3     GIST descriptor and Vanishing Points
Before presenting our pipeline for semantic labeling of space, we first discuss the
GIST descriptor which was introduced by Oliva et al. in [6]. The GIST descriptor
represents scenes from the encoding of the global configuration, ignoring most of
the details and object information present in the scene. We then further discuss
the concept of vanishing points, which are projections of points laying at infinity.
They provide information on the relative camera orientation with respect to the
scene and are used as a geometric verification after image retrieval using the
GIST descriptor.

3.1   GIST descriptor
The GIST descriptor was proposed by Oliva et al. in [6] for scene categorization
without the need for segmentation and processing of objects.
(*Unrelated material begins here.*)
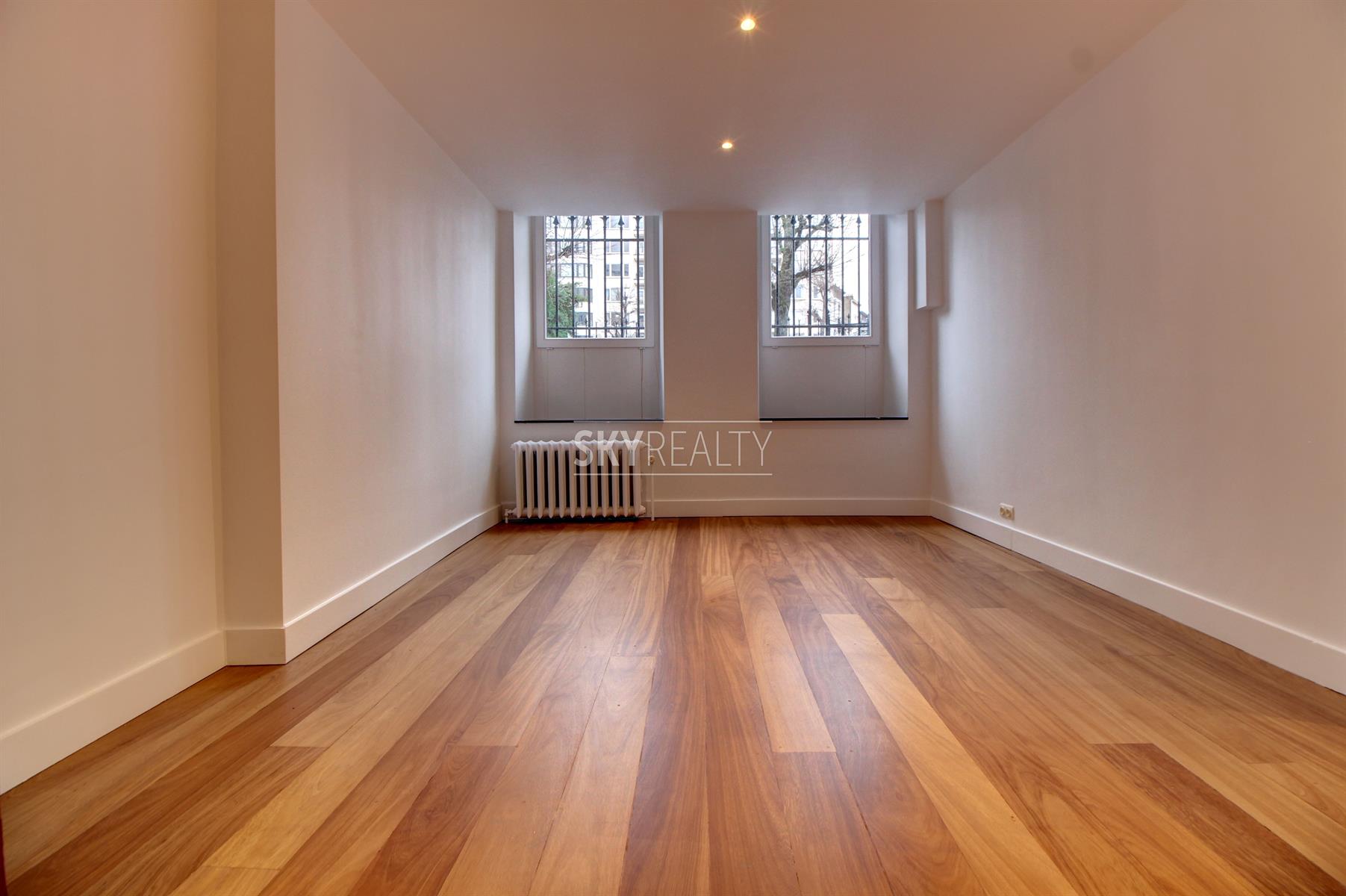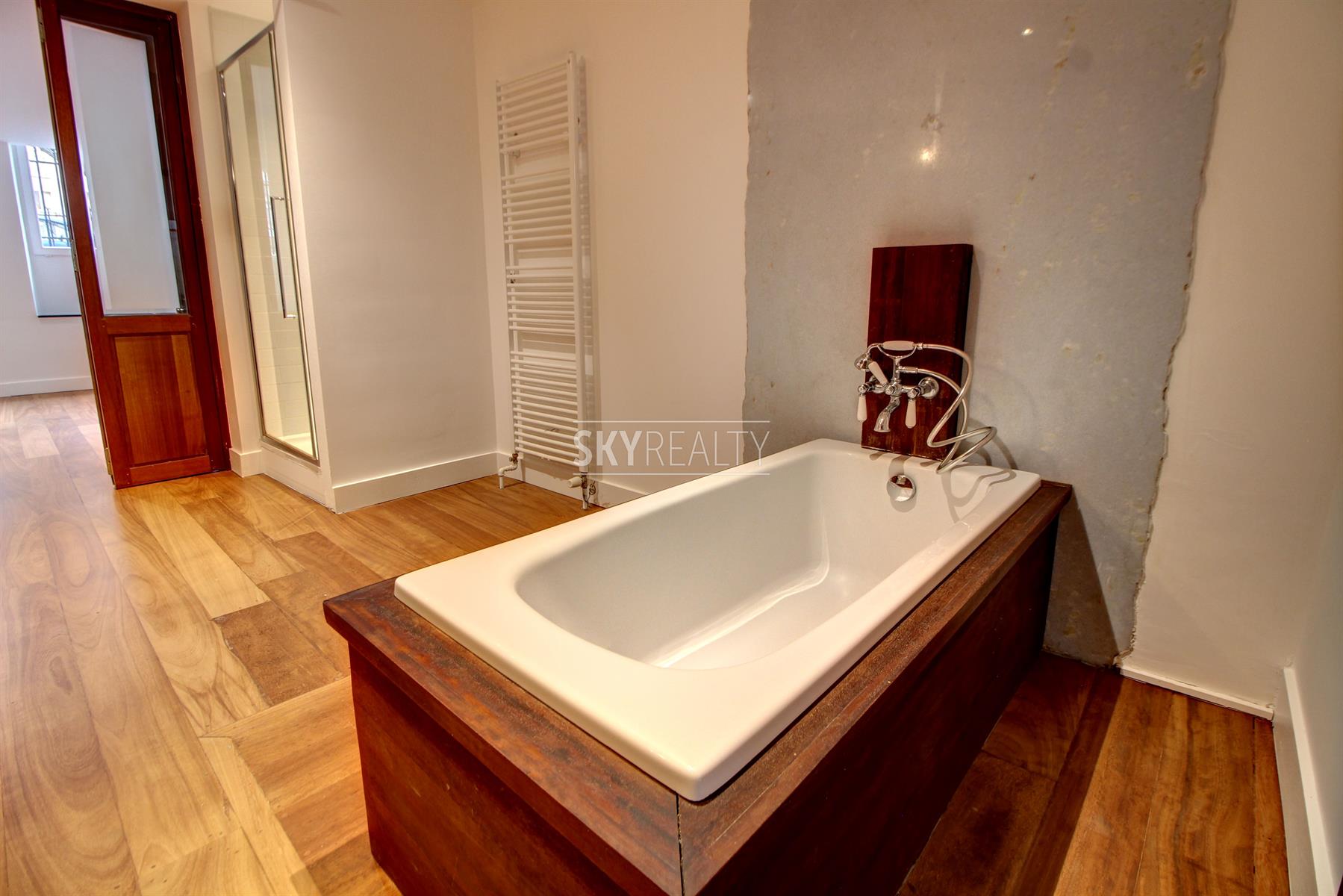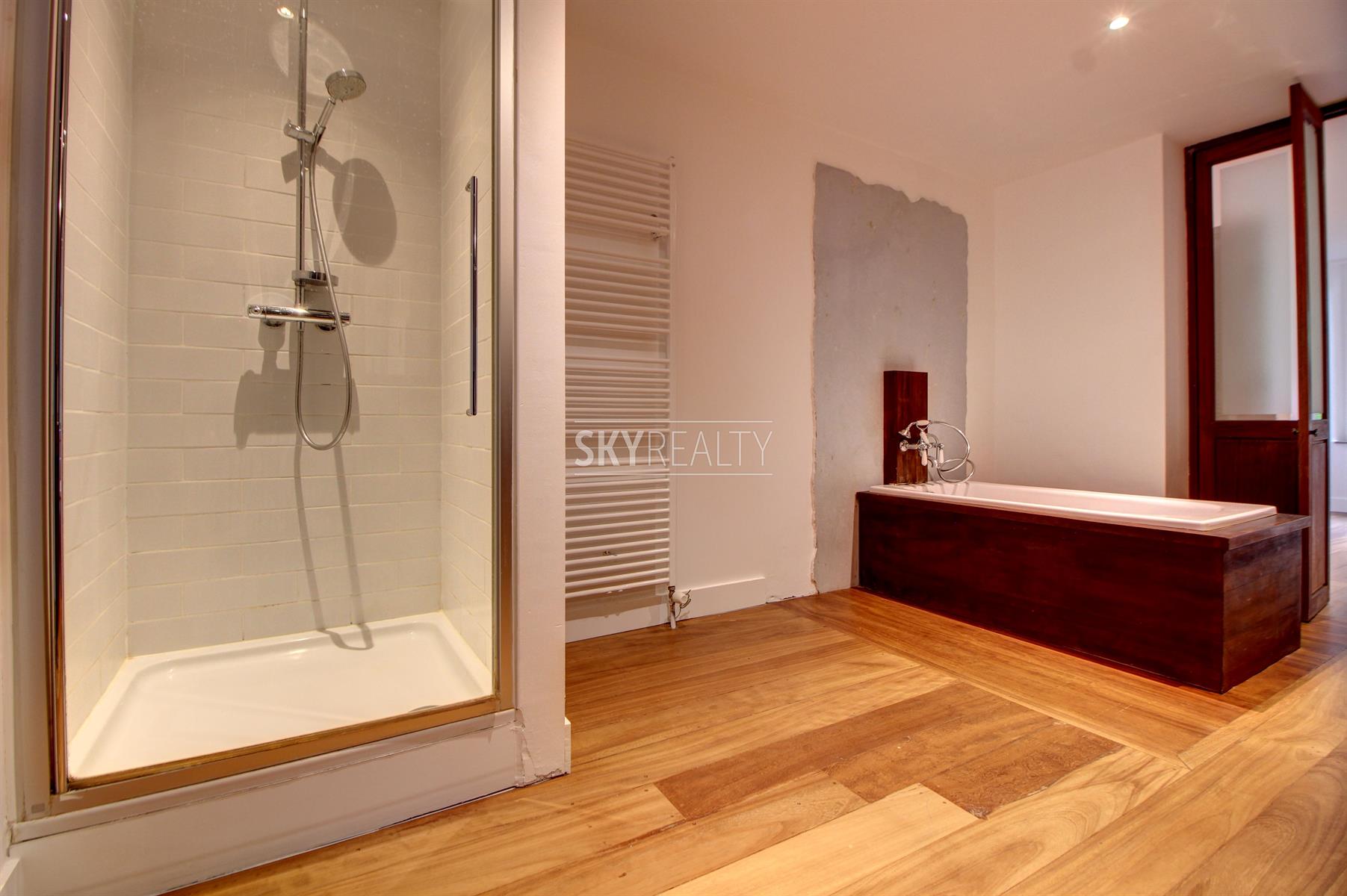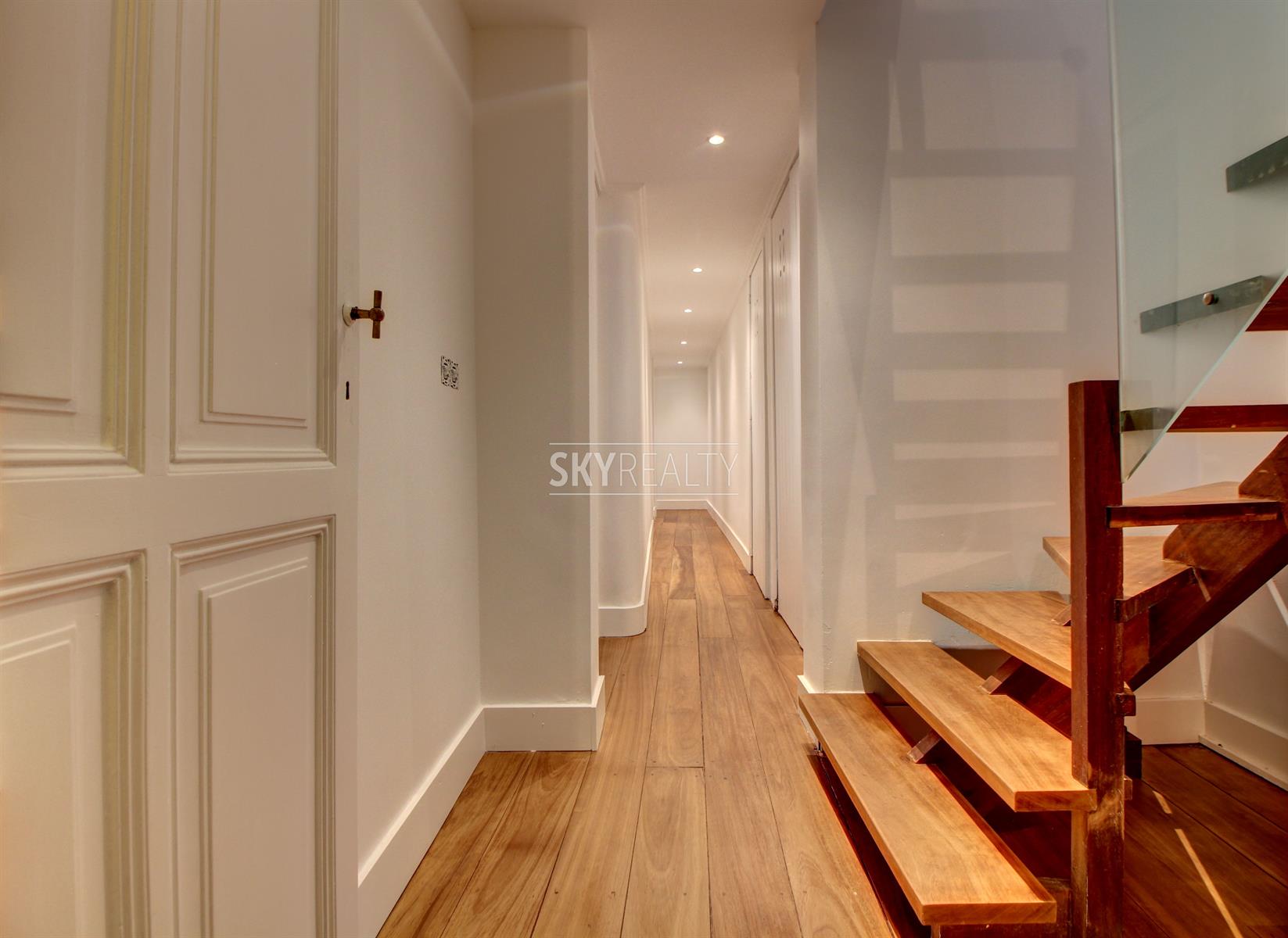 SCHUMAN / QUARTIER EUROPEEN / SQUARE AMBIORIX: Idéalement situé à proximité immédiate des transports en commun et de toutes les facilités, ce splendide duplex 2 chambres de 160 m² au rez-de-chaussée d'une belle maison de maître vous enchantera par ses beaux volumes, la qualité de sa rénovation, ses éléments d'époque parfaitement conservés et son agréable jardin exposé sud. Il se compose comme suit: au rez-de-chaussée: un hall d'entrée avec toilette invités, vestiaire et placards; un spacieux et lumineux séjour de 55 m² (3 pièces en enfilades avec beau parquet en chêne massif, hauts plafonds, moulures, cheminée en marbres, miroir), une grande cuisine design très haut de gamme (Bulthaup) et super équipée (réfrigérateur-surgélateur, taque vitrocéramique, hotte, four, lave-vaisselle, etc.), un agréable jardin exposé sud et une terrasse couverte. Au niveau inférieur: un hall de nuit, 2 grandes chambres (18 et 15 m²), une grande salle de bain de 16 m² (bain, douche, lavabo double, dressing), une toilette séparée, une buanderie équipée (machine à laver et séchoir inclus), de nombreux placards, une cave. Double vitrage chassis bois. Localisation prisée à 400m de Schuman à coté des transports (métro, bus, trains) et de tous les services (commerces, supermarchés, restaurants, etc.). Parc du Cinquantenaire à 3 min. à pied. Accès aisé aux grands axes autoroutiers. Loyer 1600€ + 250€ (provision pour chauffage, eau, entretien des communs et assurance). Infos & Visites: David: 0495 511 555

The structure of
the scene is estimated using a few perceptual dimensions such as naturalness,
openness, roughness, expansion, ruggedness which describe the spatial properties
of the scene. The dimensions are reliably estimated using spectral and coarsely
localized information, where membership in semantic categories such as streets,
highways, etc. are projected close together in a multidimensional space. The
low dimensional representation of a scene is represented by a 960 dimensional
descriptor, which allows quick retrieval of similar images from a large database.
In the following, image search consists in finding the set of images with the
smallest L2 distance.

3.2   Vanishing points
The premise to find vanishing points are man-made environments containing
parallel straight lines. When looking at the perspective projection of three di-
mensional parallel lines, they intersect in one common point in the image plane,
the so called vanishing point (VP) [4]. Vanishing points therefor represent the
projections of 3D points laying at infinity, since parallel lines intersect at infinity.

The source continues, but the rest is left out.